Provided entries:
*** Begin section ***

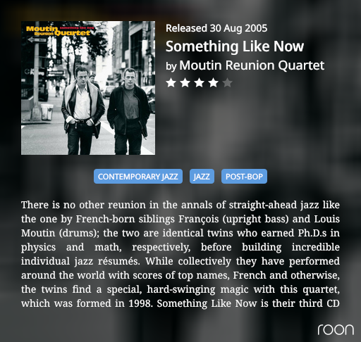 I donât believe that the very talented Moutin twins have been mentioned as yet. This recording is one of their best and itâs available on Tidal. Highly recommended and it sounds great!
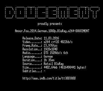 | FiLENAME: | Amour.Fou.2014.German.1080p.BluRay.x264-DOUCEMENT.mkv |
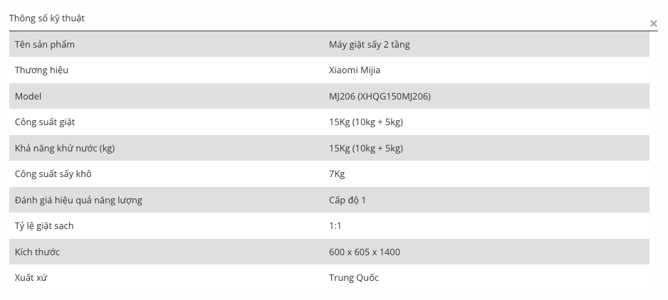 Máy Giặt Sấy Xiaomi Mijia 2 Tầng MJ206 Giặt 15Kg Sấy 7Kg – Ion bạc khử trùng, sấy biến tần BLDC
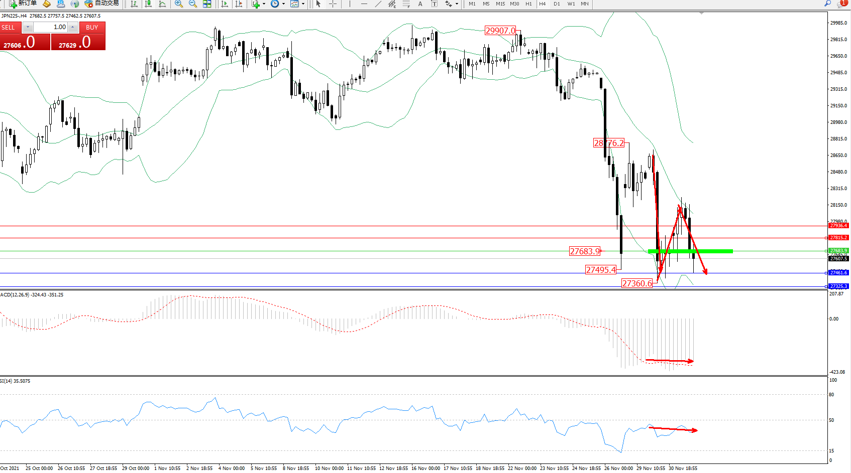 技术点评:长时间维持在布林带指标通道中下轨区间持续宽幅巨震向下移动中,短期跌势未见最终止步迹象,之前低位27360位置近在咫尺破位在即,布林带指标呈收口走势持续向下移动中,MACD指标处于空头区域低位维持震荡平移,RSI指标处于空头区域持续震荡中;
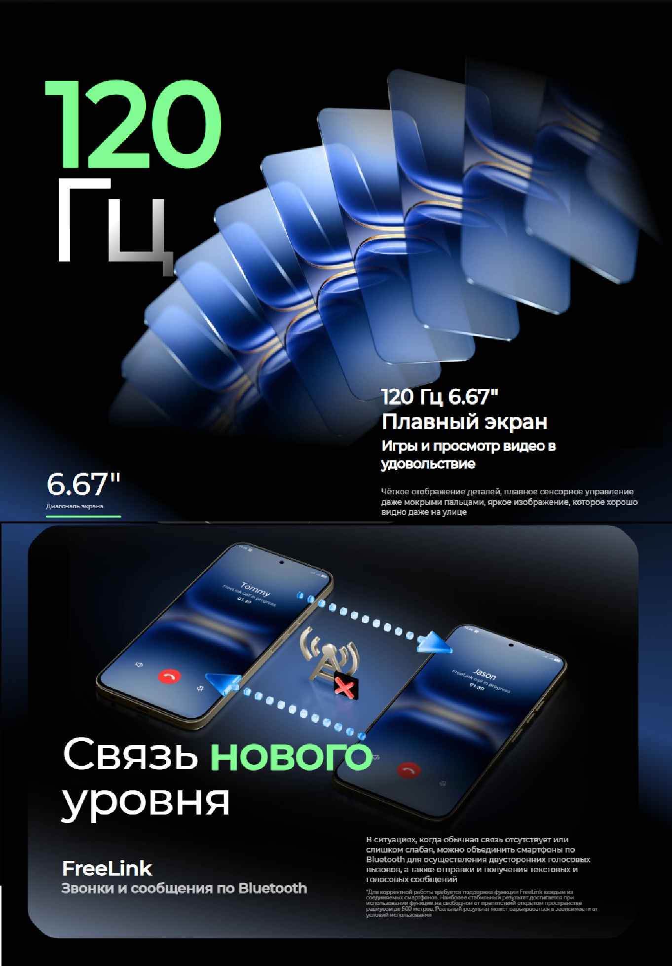 - Экран 6.67″ IPS, разрешение HD+, частота обновления 120 Гц для плавной работы.
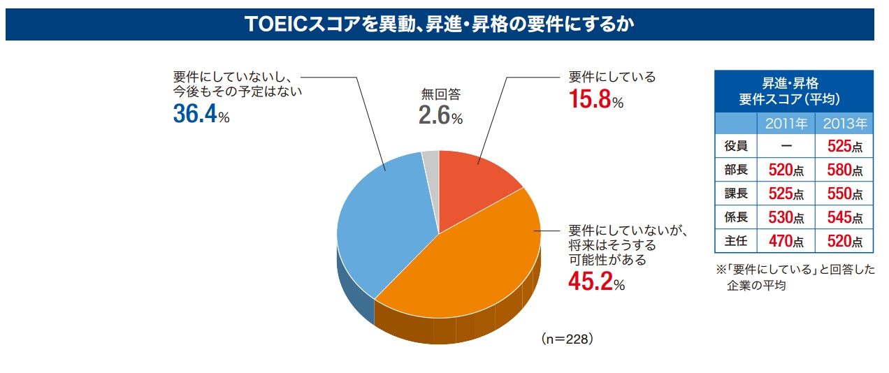 図が示す通り、今後の予定も含めると6割以上の企業がTOEICスコアを昇進や異動などの条件にもする、しているようです。
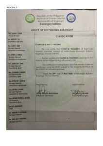 Upload a PDF File of the latest Bureau of Internal Revenue Income Tax Return (ITR) of your parents/guardians or yours, if you’re already working. If you or your parent/guardians do not have an ITR, you may submit a Certificate of Indigence from your Barangay or an Affidavit of Non-filing of Income Tax Return.: INDIGENCY_NOVELLA-FELIZARDO
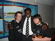 ![]() Eni (centre) with a pair of fans | |||||||||||||||||||||||||||||||||||||||||
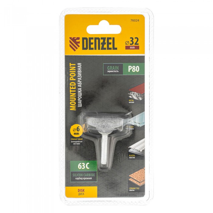 Шарошка абразивная, диск, 32 x 12 мм, для дрели, хвостовик d6 мм, 63С Denzel (76024)
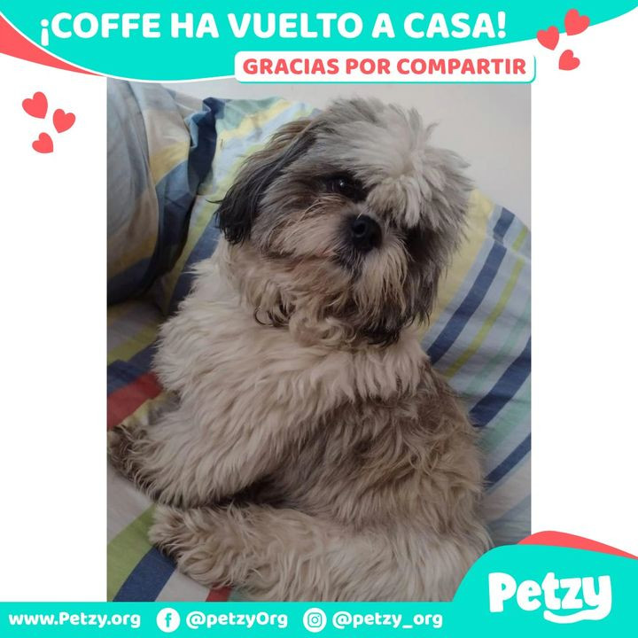 Coffe 🐶 esta de vuelta 🎉 ya ha regresado a casa con su familia ❤️ Muchas gracias a todos los que se han tomado el tiempo de poner su granito de arena en la búsqueda de Mike🐶 🥳
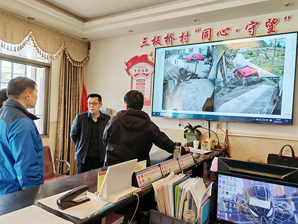 会议召开前夕,颜建洲深入石柱山村调研乡村振兴工作,渔洋关镇联村领导周艳、石柱山村“两委”班子成员及学院驻村工作队参与调研。调研组实地考察了学院前期援建的水源修复及管网改造工程,赴三板桥村村委会对今年要实施的建设项目“同心守望”智慧养老平台进行了现场观摩。在石柱山村农副产品展销中心,颜建洲详细了解了目前的运营情况后,对下一步的工作进行了现场指导。
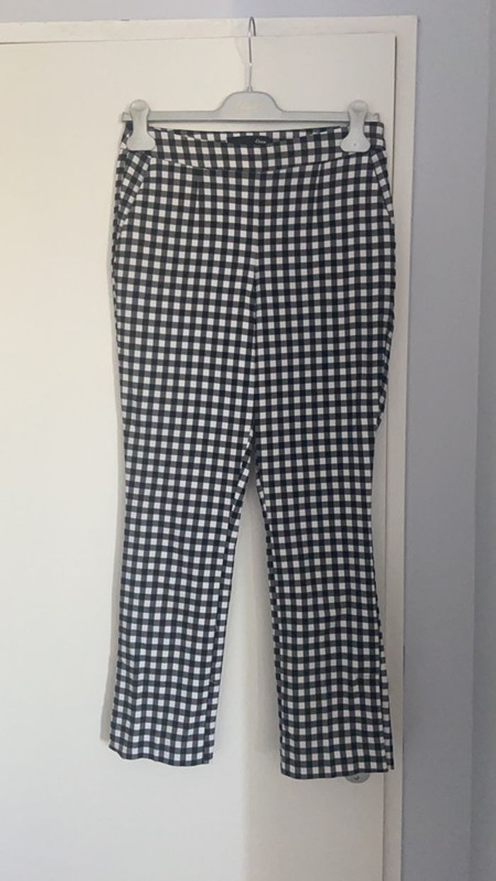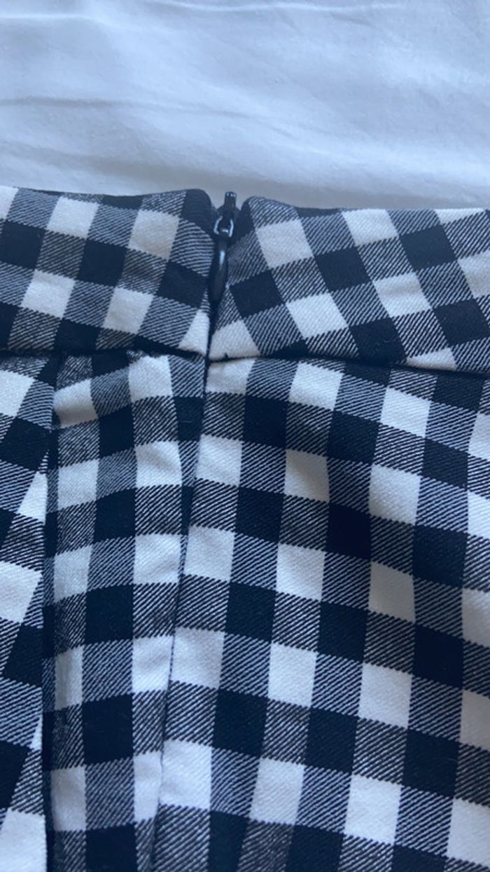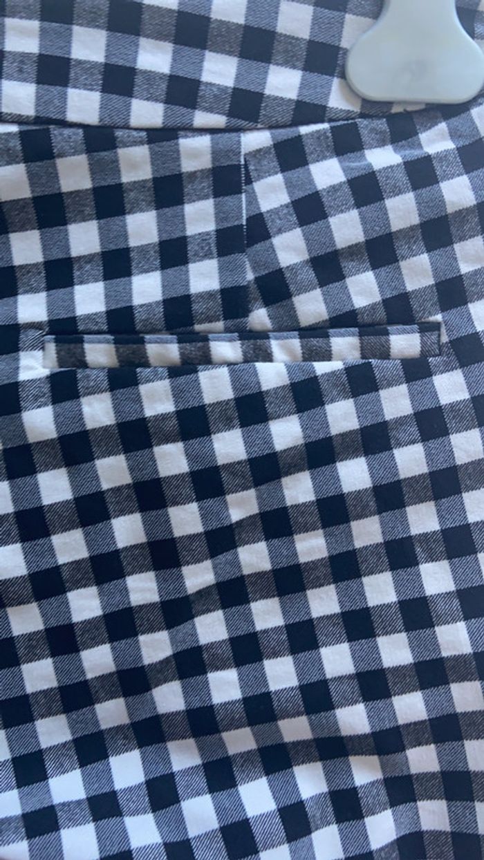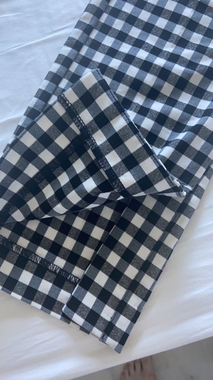 Pantalon à carreaux vichy, jamais porté. Il est ouvert au niveau des chevilles et il se ferme a l’aide d’une fermeture éclair sur le côté du pantalon. La matière est très agréable à porter.
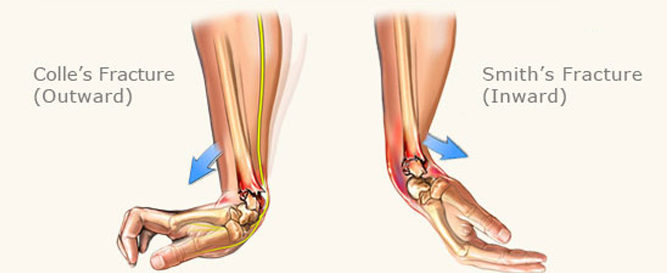 A Smith’s fracture involves a volarly displaced distal radius, whereas a Colles’ involves a dorsally displaced distal radius
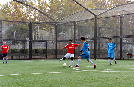 第一轮比赛在一声响亮的哨音中正式开始。我院代表队对站高新区代表队。赛场上,队员们激烈拼抢,尽情发挥球技,抢断、过人、射门、扑救……精彩场面一个接一个,大家你追我赶,奋力驰骋,大有“球场争锋,舍我其谁”之势。场上比赛进行得如火如荼,瞬间点燃了场旁观看助威的观众的热情,大家快乐地享受着40分钟的比赛时光,最终我院代表队以4:2战胜高新区代表队,吹响首战号角。
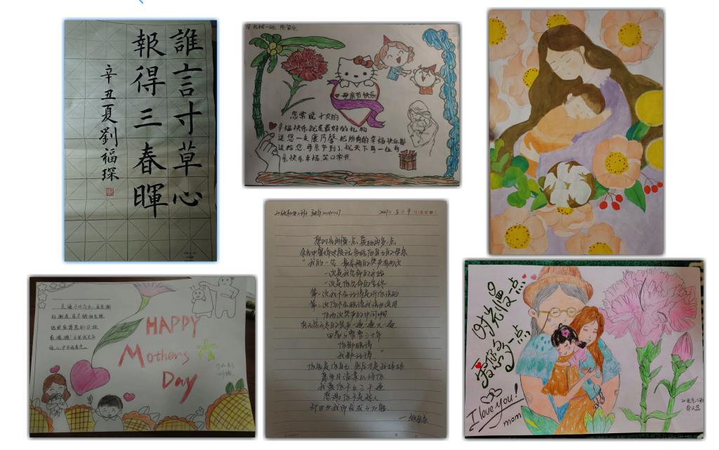 本次比赛分为书法类和绘画类,截止5月10日,共收到各班参赛作品40件。参赛者用自己的文字和绘画记录他们与母亲成长的点滴、记录那些欢笑和关爱、也记录成长旅途中那些酸涩、误解甚至隔阂、记录我们血液中那永远相连无法隔断的母爱。

*** End section ***

Task: Write out word for word the lines of the listing above from the line with "Máy Giặt Sấy" to the line with "Upload a PDF", taking in both of those lines but no pictures.

Response to this exercise:
 Máy Giặt Sấy Xiaomi Mijia 2 Tầng MJ206 Giặt 15Kg Sấy 7Kg – Ion bạc khử trùng, sấy biến tần BLDC
 技术点评:长时间维持在布林带指标通道中下轨区间持续宽幅巨震向下移动中,短期跌势未见最终止步迹象,之前低位27360位置近在咫尺破位在即,布林带指标呈收口走势持续向下移动中,MACD指标处于空头区域低位维持震荡平移,RSI指标处于空头区域持续震荡中;
 - Экран 6.67″ IPS, разрешение HD+, частота обновления 120 Гц для плавной работы.
 図が示す通り、今後の予定も含めると6割以上の企業がTOEICスコアを昇進や異動などの条件にもする、しているようです。
 Upload a PDF File of the latest Bureau of Internal Revenue Income Tax Return (ITR) of your parents/guardians or yours, if you’re already working. If you or your parent/guardians do not have an ITR, you may submit a Certificate of Indigence from your Barangay or an Affidavit of Non-filing of Income Tax Return.: INDIGENCY_NOVELLA-FELIZARDO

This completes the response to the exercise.